Collected material:
^^^^^^^^
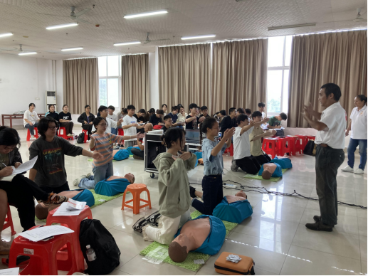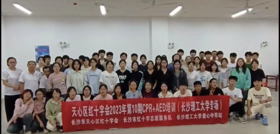 为培养大学生社会责任感,提高自救互救能力,掌握基本急救知识和技能,倡导“急救为人人,人人会急救”的理念。2023年9月24日,taptap点点体育后勤服务保障中心卫健办联合天心区红十字会组织开展了心肺复苏术(CPR)和自动体外除颤器(AED)急救知识与技能培训,培训由校医院副院长、卫健办副主任雷鹂主持,“爱心中转站”社团骨干和积极报名参与的志愿者合计60余名学生参与了培训。
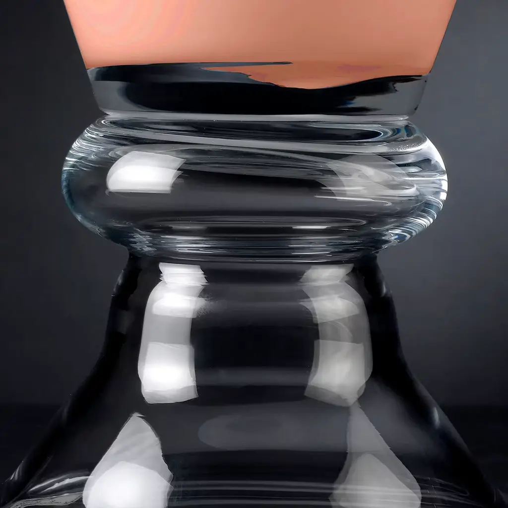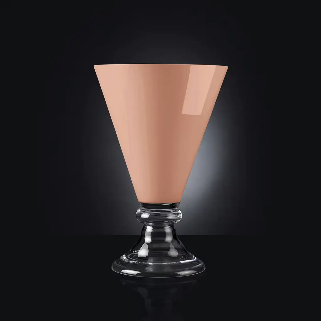 This exquisitely handcrafted vase boasts a clean silhouette composed of a slightly flared base in clear glass and a flared silhouette in cantaloupe orange glass. A striking piece of strong geometric value, it will add a lively and charming accent to both a modern or classic table arrangement.
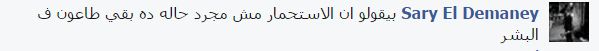 Sary El Demaney-: “بيقولوا إن الاستحمار مش مجرد حالة ده بقى طاعون في البشر”.
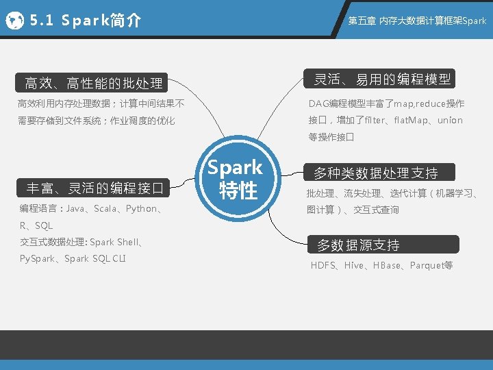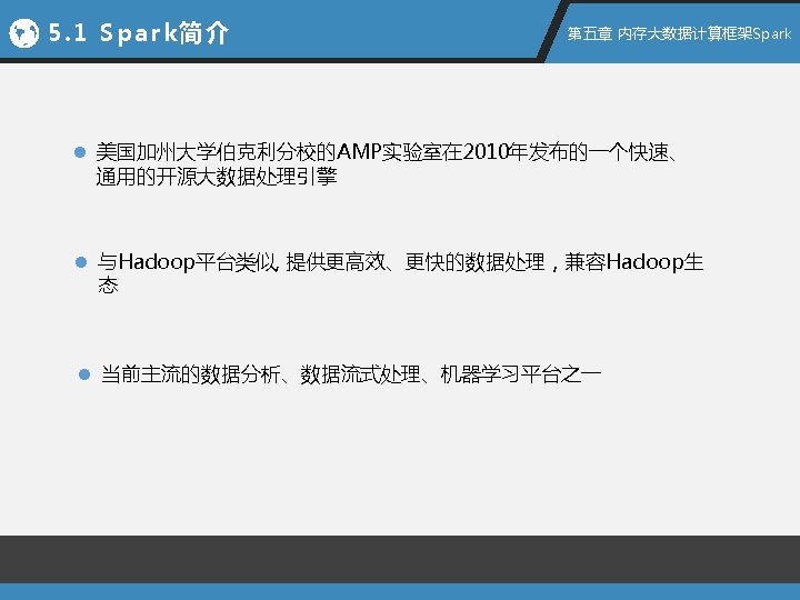 5 3 Spark Spark l Spark spark app Slides: 36 Download presentation 5. 3 Spark配置 第五章 内存大数据计算框架Spark l 常用Spark属性 属性名 默认值 含义 spark. app. name (none) Spark应用程序的名称 spark. driver. cores 1 集群模式下driver所使用的core的数量 spark. driver. memory 1 G Driver进程所使用的内存大小 spark. executor. memory 1 G 每个executor进程所使用的内存大小 spark. master (none) 集群管理器URL spark. submit. deploy. Mode (none) Driver程序的部署模式,取值为: ”client”或”cluster” 5. 3 Spark配置 第五章 内存大数据计算框架Spark l 常用环境变量配置 配置项 含义 SPARK_LOCAL_IP 绑定的IP地址 SPARK_PUBLIC_DNS Driver程序使用的DNS服务器 SPARK_CLASSPATH 额外追加的classpath
^^^^^^^^
Work item: Using the data above, give again exactly the lines starting at the one holding "This exquisitely handcrafted" and ending at the one holding "إن الاستحمار مش", inclusive, and nothing more. Omit the pictures.

Reply to the exercise:
 This exquisitely handcrafted vase boasts a clean silhouette composed of a slightly flared base in clear glass and a flared silhouette in cantaloupe orange glass. A striking piece of strong geometric value, it will add a lively and charming accent to both a modern or classic table arrangement.
 Sary El Demaney-: “بيقولوا إن الاستحمار مش مجرد حالة ده بقى طاعون في البشر”.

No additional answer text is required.